Sebas writes a tremendously great blog, in my opinion, on the issues we face with a 6 month cycle. Please go and read it, as he really gets the issues at hand on all sides.
Sebas also proposes the rather radical idea of, "What if we never froze trunk?" Or, as he put it, "always summer in trunk".
My dream situation would be to have 2 weeks of devel, 3-4 days minimum to stabilize that work (but longer if necessary), rince and repeat with natural breaks for things like life's little interferences, bug fixing orgies and what not. I think we'd find a natural cycle where significant feature improvements would land every quarter or so.
At each known stable point we'd push the changes in the branch back to mainline for others to use and test. The beauty here would be that other developers and testers wouldn't get horrible breakage periods, just steps from relatively stable to relatively stable.
When a release time comes up, we'd sync the last stable point to the release branch and continue on working. No further syncs would happen until the release process of betas and RCs was over, at which point we'd sync up again at the next stable point.
Bugs and other issues that come up during the release periods would be addressed and backported, just as we do for minor releases (though in the other direction).
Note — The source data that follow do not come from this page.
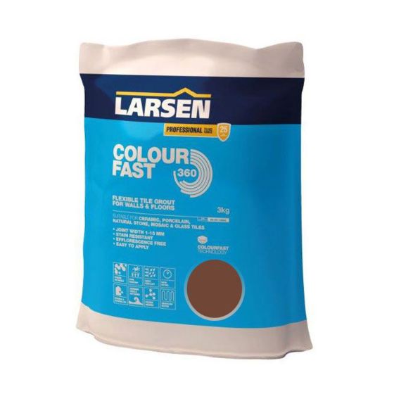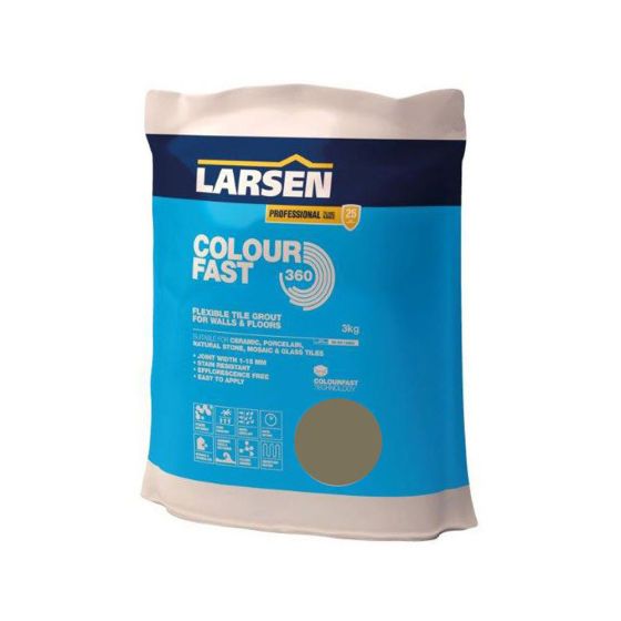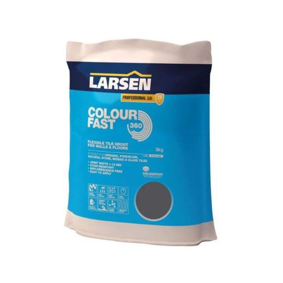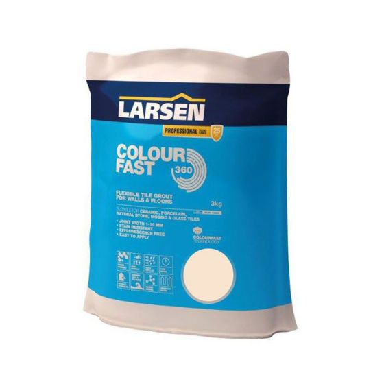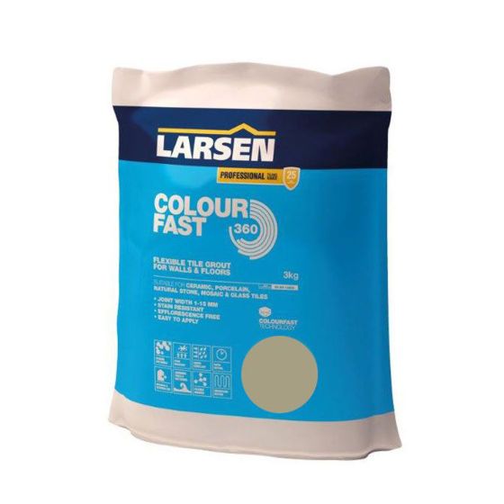 Larsen Professional Colourfast 360 is a specially formulated, flexible, rapid setting tile grout. This advanced formulation uses Colourfast Technology to ensure uniform joint colour, free from efflorescence. Professional Colourfast 360 is suitable for use as a flexible wall and floor grout. The fine texture provides a smooth, stain, mould and water resistant finish that is suitable for use on most tile types including glazed and unglazed ceramic, porcelain, natural stone and glass tiles.
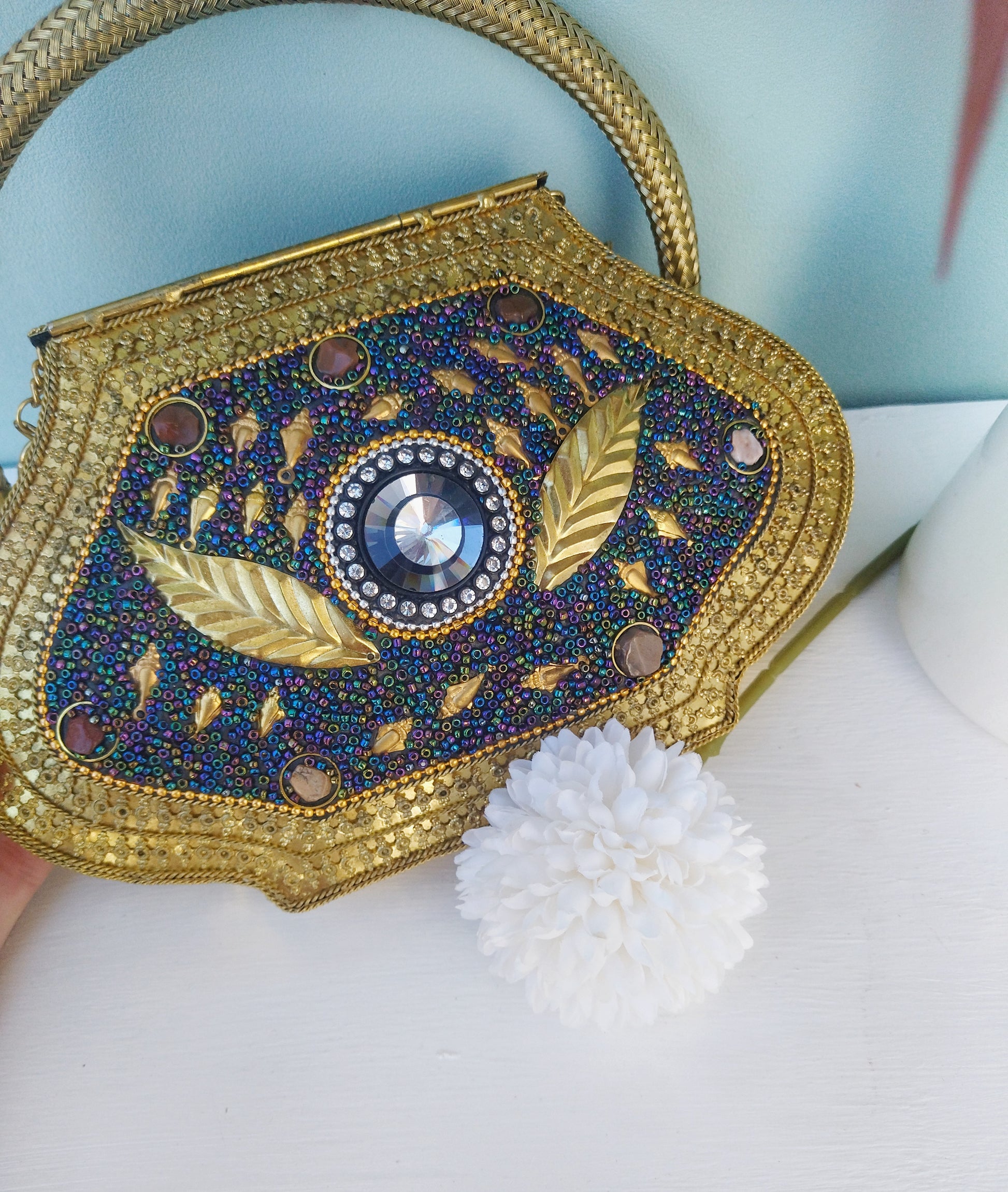 Fancy beaded evening bag with an antique ethnic tribal detailing with a subtle pop of blue and black stonework. The front and back of the bag have different detailing so you can actually wear it showing off the detailing of your choice.
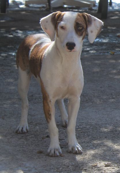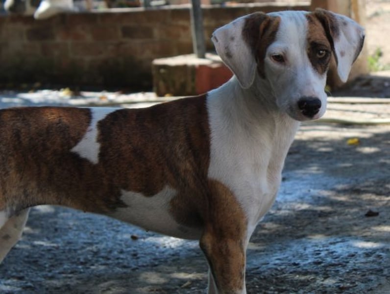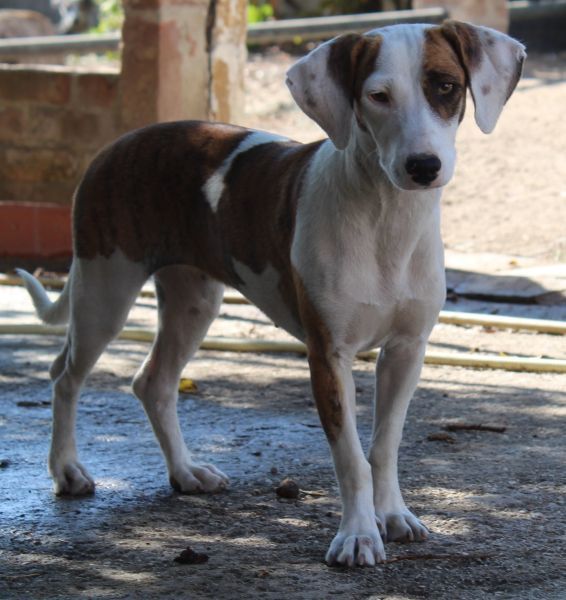 Nivara ist eine zierliche, hübsche Hündin mit kurzem Fell und einer harmonischen Mischung aus Weiß und Braun. Sie zeigt sich verträglich mit den anderen Hunden auf der Pflegestelle und ist Menschen gegenüber freundlich, aber zurückhaltend. Mittlerweile konnte sie sich jedoch schon ein wenig öffnen.

It would allow KDE to do whatever release cycles the umbrella project wanted while allowing us to breath, as Sebas put it so eloquently, to our own heartbeat.
My hope in discussing this is openly is that we can make necessary changes to allow the above utopia to occur. Maybe not today, or even for 4.2. But eventually. It probably means using a tool that is better than the current svn release (I see a number of improvements in svn 1.5; maybe that will be enough? I'm doubtful, but also hopeful), it means making release branch development not the norm (which it is today) and it means trusting our own rhythms. Such an approach is applicable to far more than just Plasma; many of the more interesting application in KDE's svn face these same issues.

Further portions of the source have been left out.